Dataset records
+++++
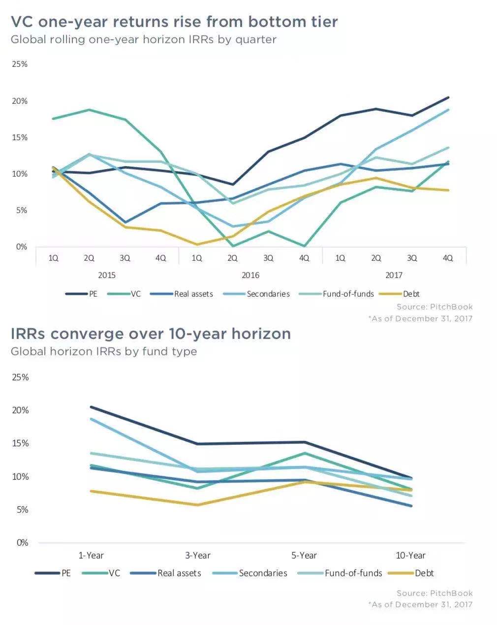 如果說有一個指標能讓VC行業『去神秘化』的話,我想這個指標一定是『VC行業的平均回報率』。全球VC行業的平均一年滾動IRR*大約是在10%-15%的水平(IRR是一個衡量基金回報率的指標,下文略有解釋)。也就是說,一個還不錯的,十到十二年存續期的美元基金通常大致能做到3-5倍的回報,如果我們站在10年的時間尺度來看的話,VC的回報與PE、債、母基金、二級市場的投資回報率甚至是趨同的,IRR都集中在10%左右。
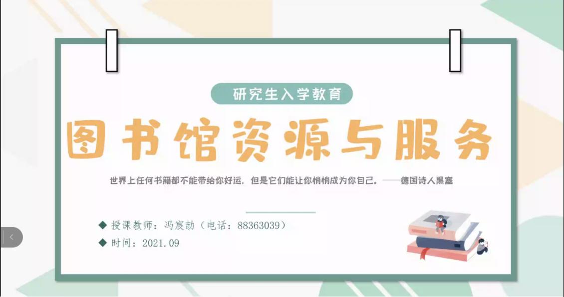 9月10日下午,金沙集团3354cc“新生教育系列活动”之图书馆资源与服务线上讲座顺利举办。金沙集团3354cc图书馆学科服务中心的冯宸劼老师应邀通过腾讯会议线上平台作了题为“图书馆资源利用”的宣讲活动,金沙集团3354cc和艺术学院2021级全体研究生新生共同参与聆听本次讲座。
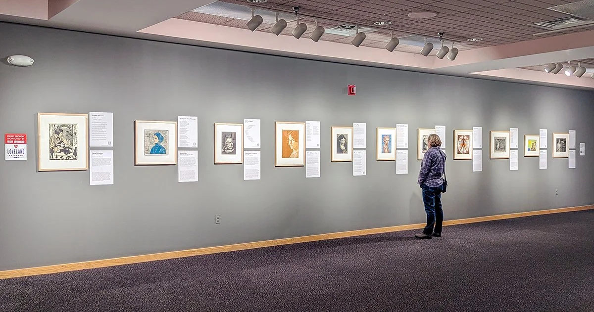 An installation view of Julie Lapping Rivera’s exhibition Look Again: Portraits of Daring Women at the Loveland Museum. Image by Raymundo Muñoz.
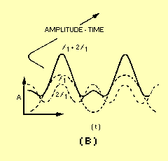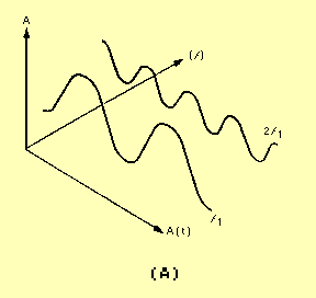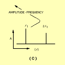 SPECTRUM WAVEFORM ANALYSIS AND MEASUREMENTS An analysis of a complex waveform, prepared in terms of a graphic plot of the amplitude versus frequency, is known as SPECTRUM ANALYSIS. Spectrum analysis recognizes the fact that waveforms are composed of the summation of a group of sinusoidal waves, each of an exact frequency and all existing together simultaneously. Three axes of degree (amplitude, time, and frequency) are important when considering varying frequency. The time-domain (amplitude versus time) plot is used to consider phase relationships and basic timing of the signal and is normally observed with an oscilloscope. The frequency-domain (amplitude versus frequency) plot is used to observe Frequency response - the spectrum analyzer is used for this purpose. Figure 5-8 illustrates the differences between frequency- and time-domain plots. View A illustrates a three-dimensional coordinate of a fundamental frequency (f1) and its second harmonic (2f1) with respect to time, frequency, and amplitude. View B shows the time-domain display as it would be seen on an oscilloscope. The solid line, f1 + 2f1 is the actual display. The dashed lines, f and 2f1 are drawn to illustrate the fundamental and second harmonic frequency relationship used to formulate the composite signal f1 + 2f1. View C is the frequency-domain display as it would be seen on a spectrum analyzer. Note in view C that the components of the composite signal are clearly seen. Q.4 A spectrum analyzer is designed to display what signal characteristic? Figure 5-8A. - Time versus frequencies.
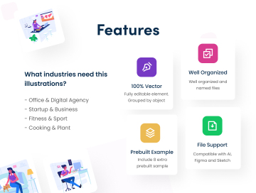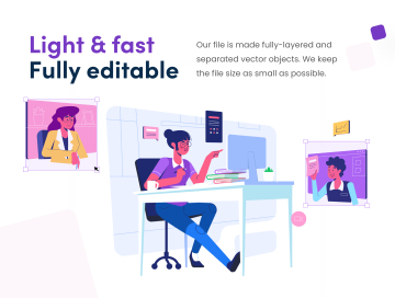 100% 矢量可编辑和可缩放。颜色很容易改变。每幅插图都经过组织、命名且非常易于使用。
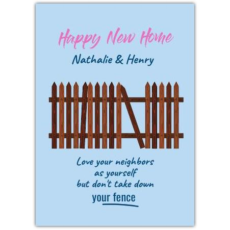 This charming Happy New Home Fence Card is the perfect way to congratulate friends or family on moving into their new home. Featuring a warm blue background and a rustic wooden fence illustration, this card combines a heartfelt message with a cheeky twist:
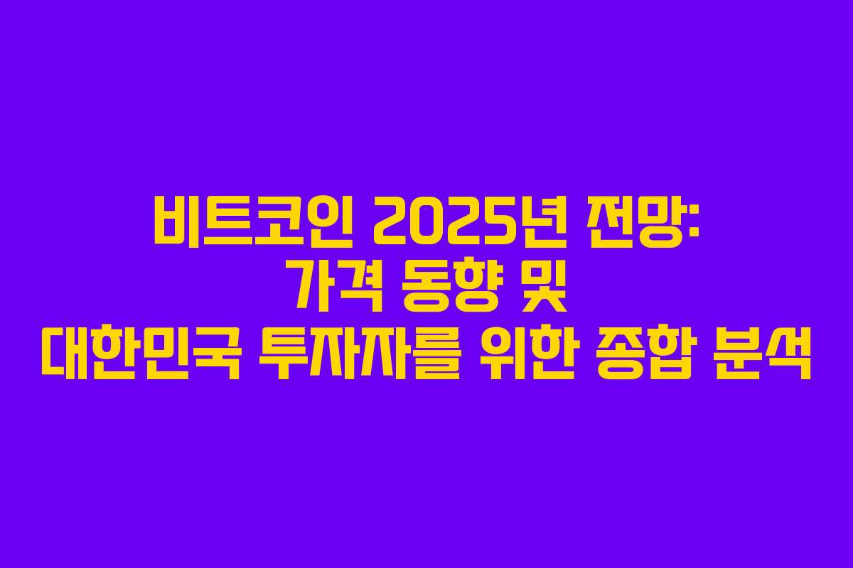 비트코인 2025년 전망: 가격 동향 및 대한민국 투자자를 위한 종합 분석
+++++
» **Exercise directions**: Go from the first line of the data above to the line containing "An installation view" and retype exactly those lines, both included, but none of the pictures.

» **Final answer**:
 如果說有一個指標能讓VC行業『去神秘化』的話,我想這個指標一定是『VC行業的平均回報率』。全球VC行業的平均一年滾動IRR*大約是在10%-15%的水平(IRR是一個衡量基金回報率的指標,下文略有解釋)。也就是說,一個還不錯的,十到十二年存續期的美元基金通常大致能做到3-5倍的回報,如果我們站在10年的時間尺度來看的話,VC的回報與PE、債、母基金、二級市場的投資回報率甚至是趨同的,IRR都集中在10%左右。
 9月10日下午,金沙集团3354cc“新生教育系列活动”之图书馆资源与服务线上讲座顺利举办。金沙集团3354cc图书馆学科服务中心的冯宸劼老师应邀通过腾讯会议线上平台作了题为“图书馆资源利用”的宣讲活动,金沙集团3354cc和艺术学院2021级全体研究生新生共同参与聆听本次讲座。
 An installation view of Julie Lapping Rivera’s exhibition Look Again: Portraits of Daring Women at the Loveland Museum. Image by Raymundo Muñoz.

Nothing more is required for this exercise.